AIP-151 and the Google Long-Running Operations Standard

Google's API Improvement Proposal AIP-151 defines the authoritative specification for long-running operations across all Google Cloud APIs. The key requirements:

The operation resource name follows the pattern
```
{collection}/operations/{id}
```
.
The
```
done
```
boolean field (false = in progress, true = terminal) must be present on every response.
On terminal success, a
```
response
```
field contains the result typed with the full protobuf type URL.
On terminal failure, an
```
error
```
field contains a
```
google.rpc.Status
```
with a gRPC status code, message, and optional
```
details
```
array.
Operations must support a
```
cancel
```
method:
```
POST {name}:cancel
```
.
Operations must support a
```
delete
```
method after reaching a terminal state.

For REST APIs not using protobuf, the AIP-151 schema maps naturally:

done

becomes

"status": "succeeded" | "failed"

, the

response

and

error

fields remain, and the

name

field becomes

id

with a path-based URL.

Real-World Case Study: Twilio Media Processing

Twilio's Media Content API processes uploaded audio and video files asynchronously.

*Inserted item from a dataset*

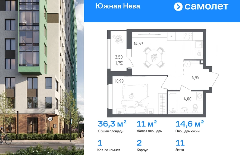 Предлагается 1-комнатная квартира комфорт-класса 36,3 кв.м в корпусе 2 на 11 этаже, в ЖК «Южная Нева» Квартира с чистовой отделкой. Доступность дополнительных опций уточняйте у застройщика. Приобрести квартиру возможно по специальным акциям от застройщика, с текущими условиями акций можно ознакомиться в блоке «Акций». Цена динамическая и может отличаться, уточняйте актуальность у застройщика. Спокойное течение Невы, монументальные арки Володарского моста и простор лесопарка создают атмосферу жилого комплекса «Южная Нева». До КАДа — всего 5 минут, до центра города — 30 минут на машине, а станция метро «Пролетарская» в 10 минутах. Для любителей природы рядом Невский лесопарк и «МЕГА Парк», где можно бегать, кататься на велосипеде или посетить веревочный парк. Для детей предусмотрены школа и 2 детских сада, а на первых этажах домов откроются салоны красоты, магазины и кафе. В шаговой доступности — фитнес-центр и торговые центры «МЕГА Дыбенко» и «Лондон Молл». Комплекс состоит из 11 монолитных домов высотой от 12 до 23 этажей с разноцветными фасадами и панорамными балконами. Двор украшают 7 мостов-навесов, а центральная аллея — собственная Нева. Здесь можно позагорать на лежаках или поиграть в шахматы, позаниматься на спортивной площадке или отвести ребенка в игровую зону на встречу с друзьями. В «Южной Неве» есть планировки с проходными кухнями-гостиными и гардеробными.#yan19-2r1814025#О застройщике

When a customer uploads a recording for transcription, Twilio returns an operation resource immediately and sends a status callback to the registered URL when transcription completes. Twilio's published data shows that P50 transcription latency is 8 seconds for short recordings and P99 exceeds 90 seconds for recordings longer than 1 hour.

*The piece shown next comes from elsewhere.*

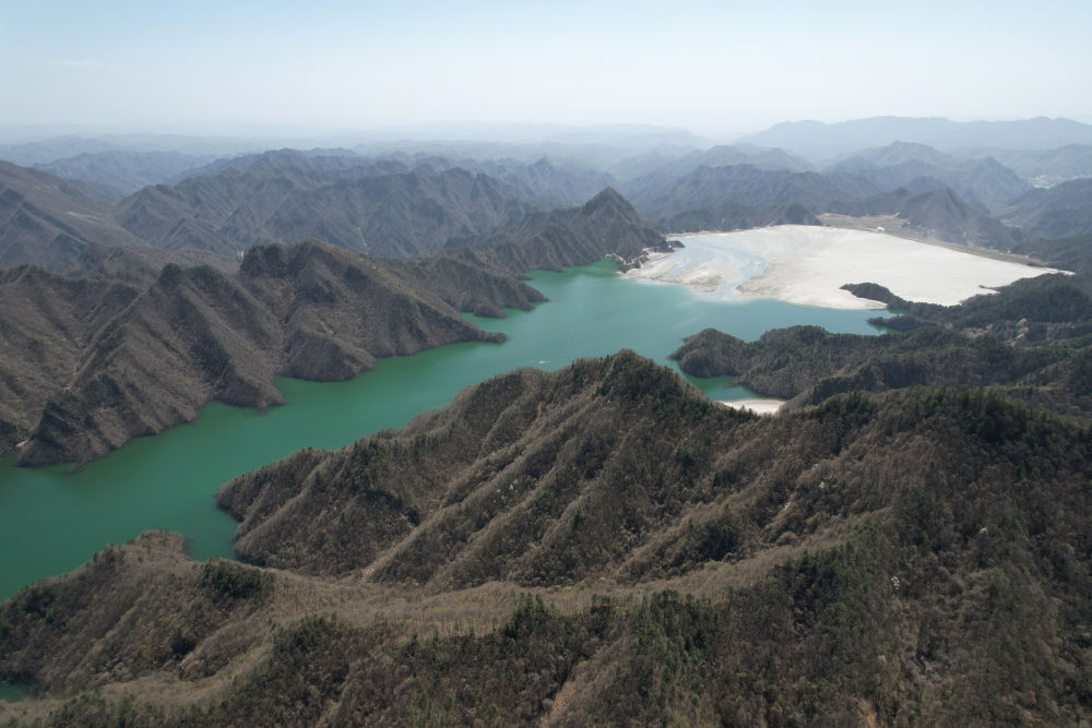 經過生態治理的渭南市華州區金堆鎮栗西溝尾礦庫(2022年4月7日攝,無人機照片)。新華社記者 邵瑞 攝

Before implementing the async pattern, Twilio's synchronous transcription endpoint had a 30-second hard timeout enforced by their API gateway. Recordings longer than a few minutes consistently returned 504 Gateway Timeout. After migrating to the 202 + operation resource pattern, timeout-related support tickets dropped by 99%. The callback mechanism reduced average time-to-result for customers from the polling interval (up to 30 seconds) to under 2 seconds for most recordings.

Source

Process

Identify endpoints where P99 execution time exceeds 10 seconds; these are candidates for the 202 + operation resource pattern.
Define the operation resource schema with
```
id
```
,
```
status
```
,
```
created_at
```
,
```
updated_at
```
, and terminal-state
```
result
```
/
```
error
```
fields; publish the schema in developer documentation.
Return
```
202 Accepted
```
with a
```
Location
```
header and a
```
Retry-After
```
hint immediately after enqueueing the background job; do not wait for execution to begin.
Implement
```
GET /operations/{id}
```
for polling and optionally accept
```
callback_url
```
on the creation request for push notification; support
```
POST /operations/{id}/cancel
```
for in-progress operations.
Run
```
harness validate
```
to confirm skill files are well-formed and related skills are correctly cross-referenced.

Harness Integration

Type: knowledge — this skill is a reference document, not a procedural workflow.
No tools or state — consumed as context by other skills and agents.
related_skills: api-webhook-design, api-status-codes, api-http-methods, api-error-contracts

Success Criteria

Endpoints with P99 execution time exceeding 10 seconds return 202 Accepted with a
```
Location
```
header pointing to an operation resource — not a synchronous response.
The operation resource schema includes
```
id
```
,
```
status
```
,
```
created_at
```
,
```
updated_at
```
, and
```
result
```
or
```
error
```
fields in terminal states.
Polling responses include a
```
Retry-After
```
header indicating the suggested polling interval.
Cancellation is supported via
```
POST /operations/{id}/cancel
```
for operations in
```
pending
```
or
```
running
```
state.
Operation creation accepts an
```
Idempotency-Key
```
header so clients can safely retry creation requests after a timeout.